Il existe enfin les lieux de drague homosexuelle masculine, dans
lesquels on trouve de jeunes migrants qui négocient du sexe tarifé – à
Genève, il s’agit probablement d’une centaine de personnes.
Bien entendu, ces chiffres sont des approximations puisqu’une
partie du sexe tarifé échappe à toute visibilité – non contrôlée, non
annoncée, non reconnue, parfois furtive et occasionnelle. Les lieux
d’aide et de conseil reçoivent prioritairement des femmes en difficulté
ou désireuses de promouvoir la reconnaissance et la visibilité du sexe
tarifé. La police ne contrôle que partiellement, et dans une proportion
inconnue, les abus et délits d’exploitation sexuelle – contrainte, incitation et appropriation des gains de la prostitution. De plus, il existe
des services de sexe tarifé qui déguisent leurs offres sous des vocables
situés à la frontière de la prostitution, et dont on ignore l’ampleur.

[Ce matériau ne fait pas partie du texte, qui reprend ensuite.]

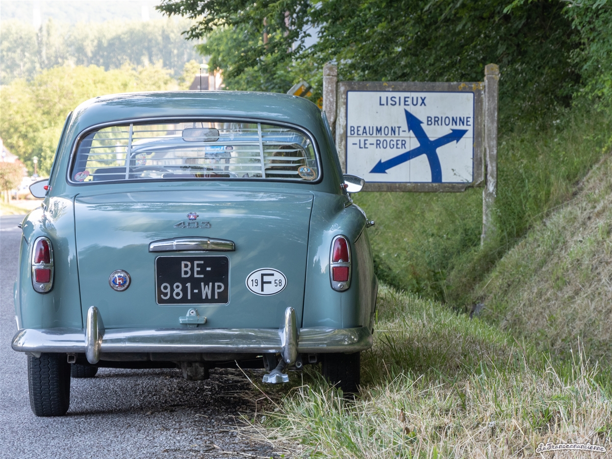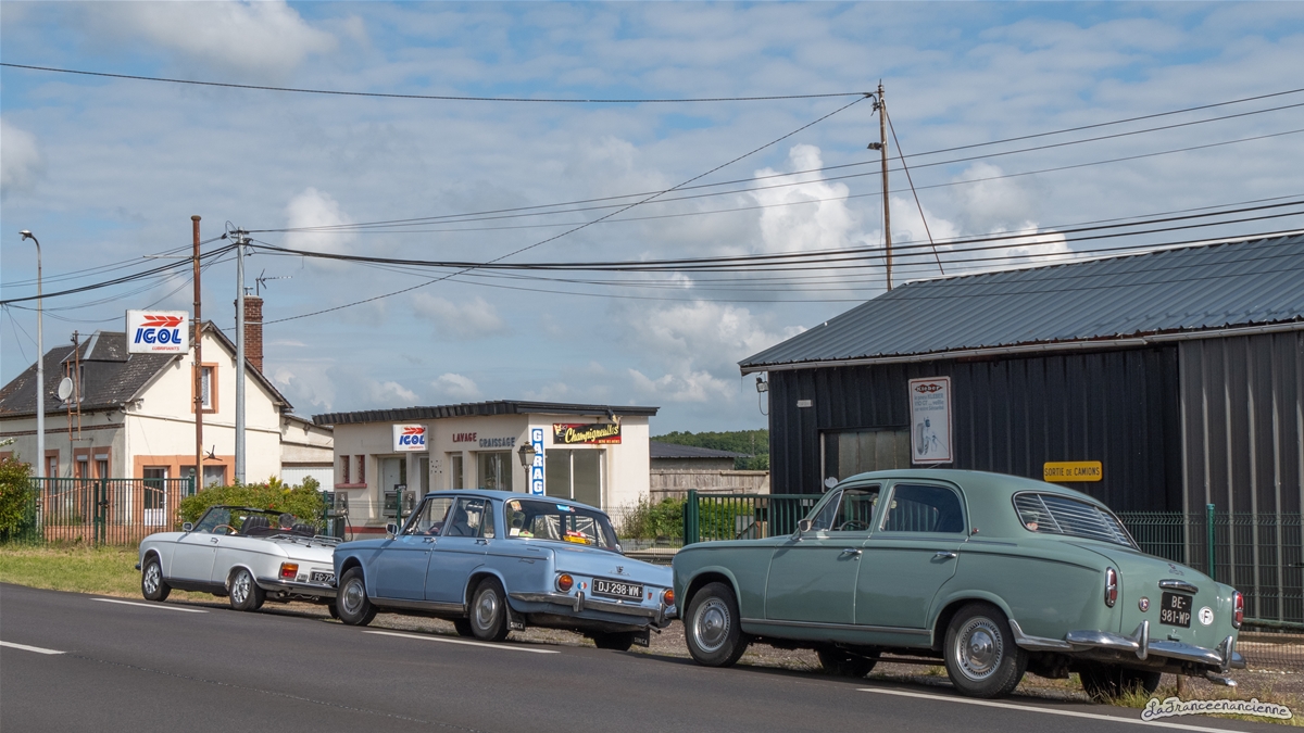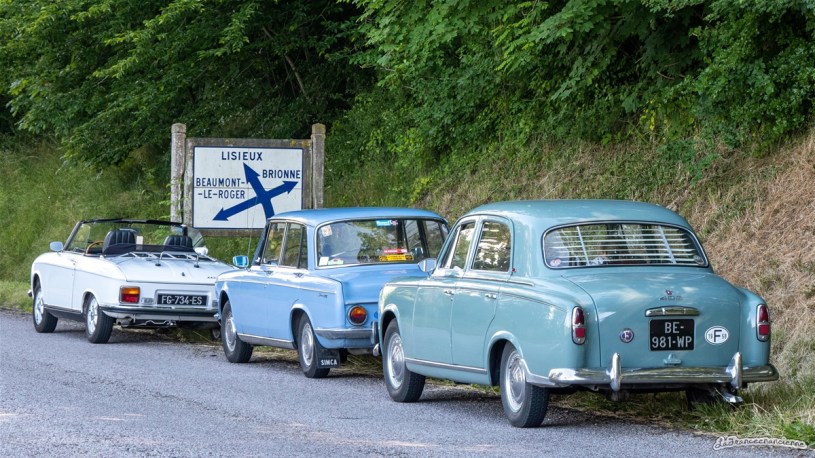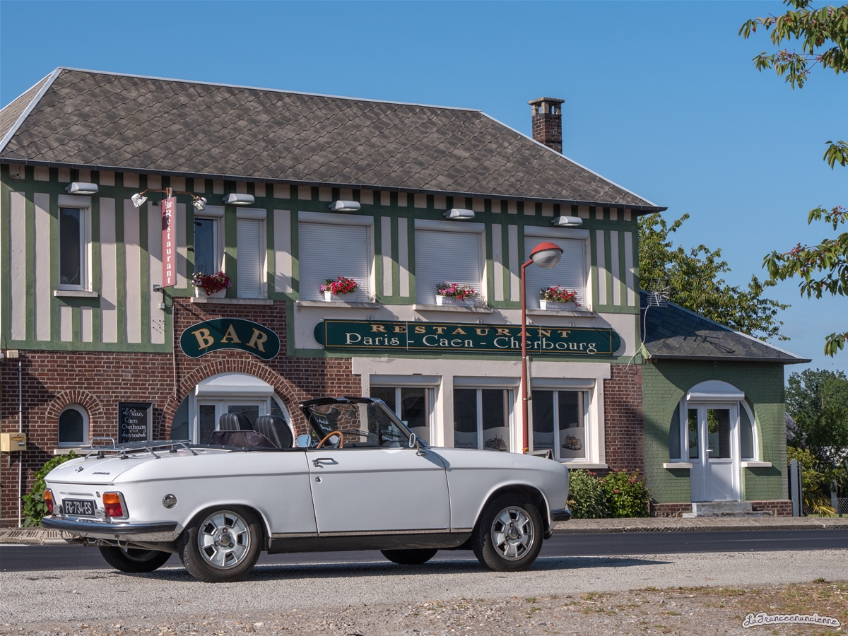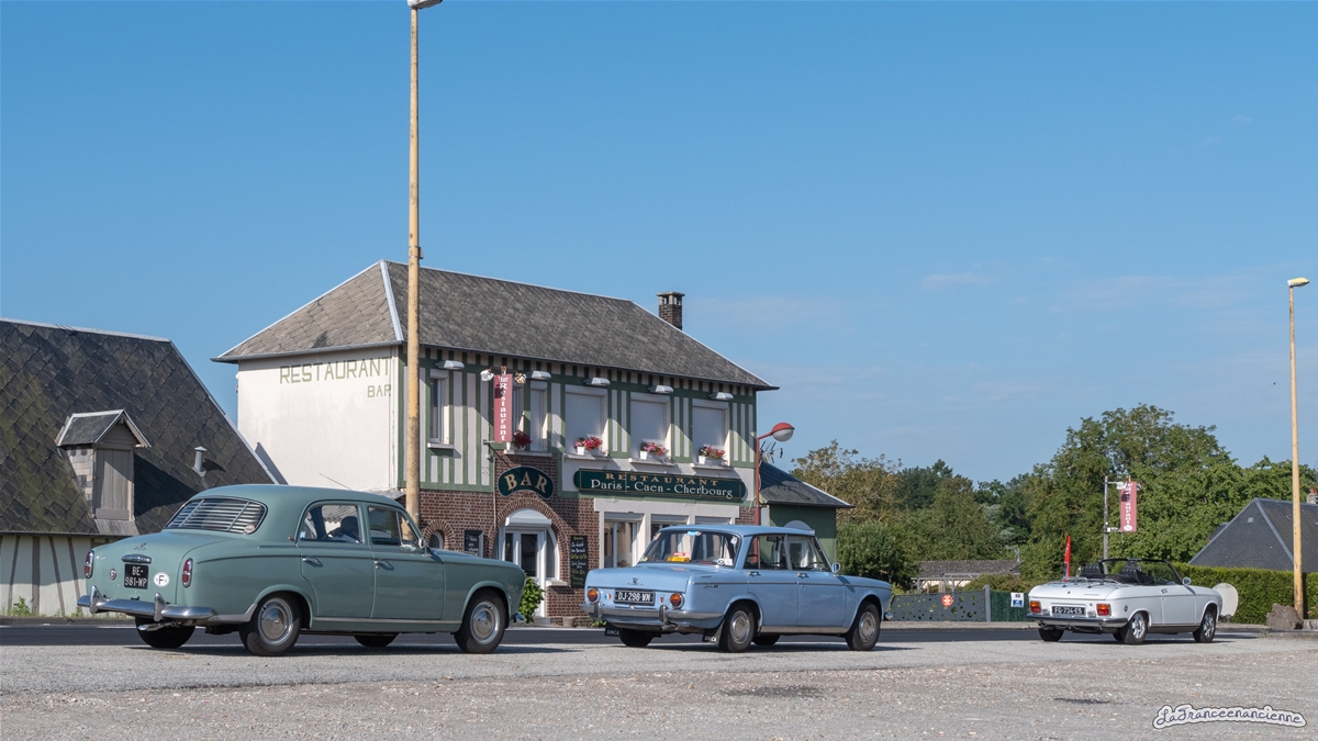 Pour l’épisode 2 de la réception d’Alain en Normandie, nous sommes partis sur la Nationale 13 à trois voitures. Philippe et son épouse en 403, Alain avec sa belle Simca 1300 et nous en 304 cabriolet,

Permis de séjour et droit de travailler
Les migrantes sont omniprésentes dans tous les secteurs du commerce du sexe et dans une proportion qui ne cesse d’augmenter.
La possibilité d’exercer légalement la prostitution en Suisse est
réservée aux personnes de nationalité suisse ou bénéficiant d’un permis de séjour à long terme. Cette limitation qui pèse sur le sort des
migrantes est justifiée par le fait que la prostitution n’est légalement
possible que comme une activité indépendante, donc réservée aux
Suisses. Cette situation est en train de changer pour les résident-e-s
UE, qui pourront dès 2004 obtenir des autorisations d’activité indépendante.
On sait que la réglementation du séjour des étrangers en Suisse
est très restrictive, et que la tendance dominante est de fermer l’accès
à l’emploi de toutes les populations « extra-européennes».
L’afflux de migrantes sur le marché du sexe se fait donc en grande
partie dans la mouvance migratoire des personnes sans autorisation
de séjour qui parviennent à se placer dans certains secteurs d’activités.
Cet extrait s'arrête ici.